In practice, an "ideal" Matrix Factorization is learned by Machine Learning algorithms. As every Machine Learning algorithm needs some loss function to optimize, we will also use one in this example. We will go with the Mean Squared Error (MSE).

### 1. Computing "prediction" (using $U$ and $V$) for existing elements in $A$

This goal is achieved by multiplying $U$ with $V^T$ and keeping only entries that were non-zero in $A$.

#### Simpler (less efficient) approach

Use matrix multiplication and then subset with `tf.gather()`:

In [42]:
matrix_product = U @ tf.transpose(V)
matrix_product.numpy()

array([[36, 34, 48],
       [30, 24, 42]], dtype=int32)

In [44]:
# gather_nd() allows us to pick selected elements from a multi-dimensional tensor via a multi-dimensional tensor of indices
result_a = tf.gather_nd(matrix_product, A.indices)

In [45]:
result_a.numpy()

array([48, 30, 42], dtype=int32)

#### More efficient approach

We only take those pairs of elements from $U$ and $V$ into account that actually appear in the original matrix $A$, so we skip all cases where we would multiply with 0 (or NaN). In practice this makes a lot of sense, as most users have rated only a tiny fraction of all the available items, i.e. the matrix $A$ is very sparse. 

In [32]:
match_indices_U = A.indices[:, 0]
match_indices_V = A.indices[:, 1]

In [33]:
match_indices_U.numpy()

array([0, 1, 1])

In [34]:
match_indices_V.numpy()

array([2, 0, 2])

How does this make sense? Compare with the non-zero indices of $A$:

In [29]:
A.indices.numpy()

array([[0, 2],
       [1, 0],
       [1, 2]])

In [31]:
#  TODO: finish
#  def sparse_2d_tensor_to_dense_2d_array(sparse):
#   matrix = np.ndarray(shape = sparse.dense_shape.numpy())
#   for i, pos in enumerate(sparse.indices.numpy().tolist()):
#     matrix[pos]

So, the elements we would consider are:

In [36]:
# gather() allows us to pick selected elements from a tensor via a tensor of indices
match_partners_U = tf.gather(U, match_indices_U)
match_partners_V = tf.gather(V, match_indices_V)

Now, we do element-wise multiplication:

In [37]:
elementwise = match_partners_U * match_partners_V

In [38]:
elementwise.numpy()

array([[ 3, 20, 25],
       [ 6, 15,  9],
       [ 2, 25, 15]], dtype=int32)

And, finally, sum by row:

In [39]:
result_b = tf.reduce_sum(elementwise, axis = 1)

In [40]:
result_b.numpy()

array([48, 30, 42], dtype=int32)

The result is identical to the other approach, nice!

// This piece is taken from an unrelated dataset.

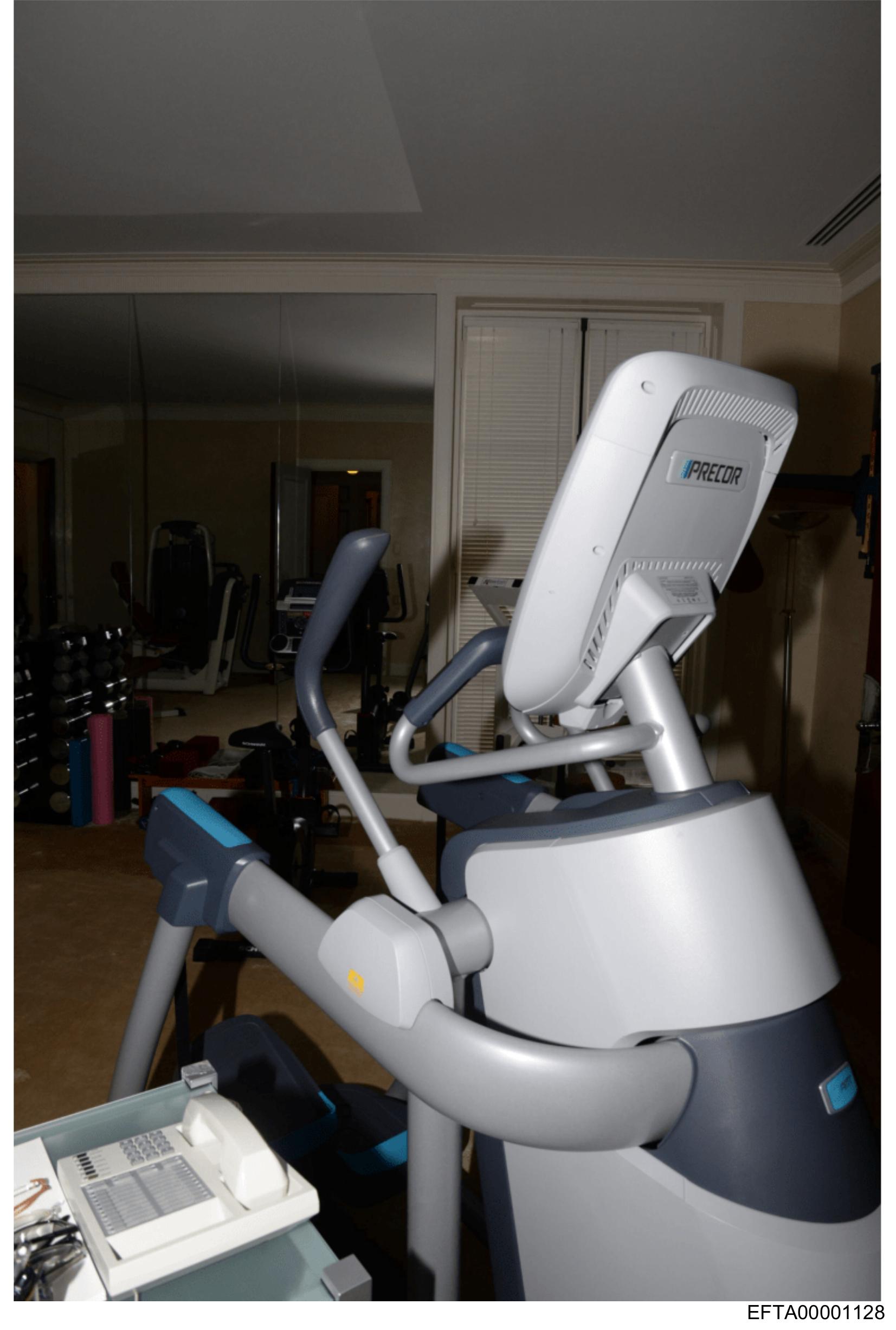 The image shows an indoor setting with a focus on a piece of exercise equipment, specifically a stationary bike.

### 2. Computing MSE from prediction

Our prediction was:

In [46]:
prediction = result_a # result_b is identical
prediction.numpy()

array([48, 30, 42], dtype=int32)

The actual (non-zero) entries in the matrix were:

In [48]:
A.values.numpy()

array([44, 32, 38], dtype=int32)

To compute the MSE, we now just sum up the squared differences for each vector element and divide by the length of the two vectors (or tensors, to be exact). TensorFlow has a utility function for this:

In [54]:
mse = tf.compat.v1.losses.mean_squared_error(A.values, prediction)

In [56]:
mse.numpy()

12.0

That makes sense, we were off by 2 each time, 3 * 2^2 = 12.

## Usage of Matrix Factorization in practice

### How to find "best" Matrix Factorization?

In practice, a ML model (most probably a neural network) would "learn" a good matrix factorization over several iterations, each time trying to minimize the loss function. In neural networks, "Stochastic Gradient Descent" is commonly used for that purpose.

### How to use for recommendations?

The whole purpose of Matrix factorization is to use it for predictions on new, unseen data. The matrix factorization $U \cdot V^T$ can be thought of as a "score matrix" for item/user combinations. By learning a good approximation for $A$, we implicitly also learn "expected scores" for combinations of users and items that didn't occur up until now. This means, that for recommending a new item to a user, we can simply have a look at that user's row in $U \cdot V^T$ and pick the element with the highest score! The index of that element is the item we should try to recommend first!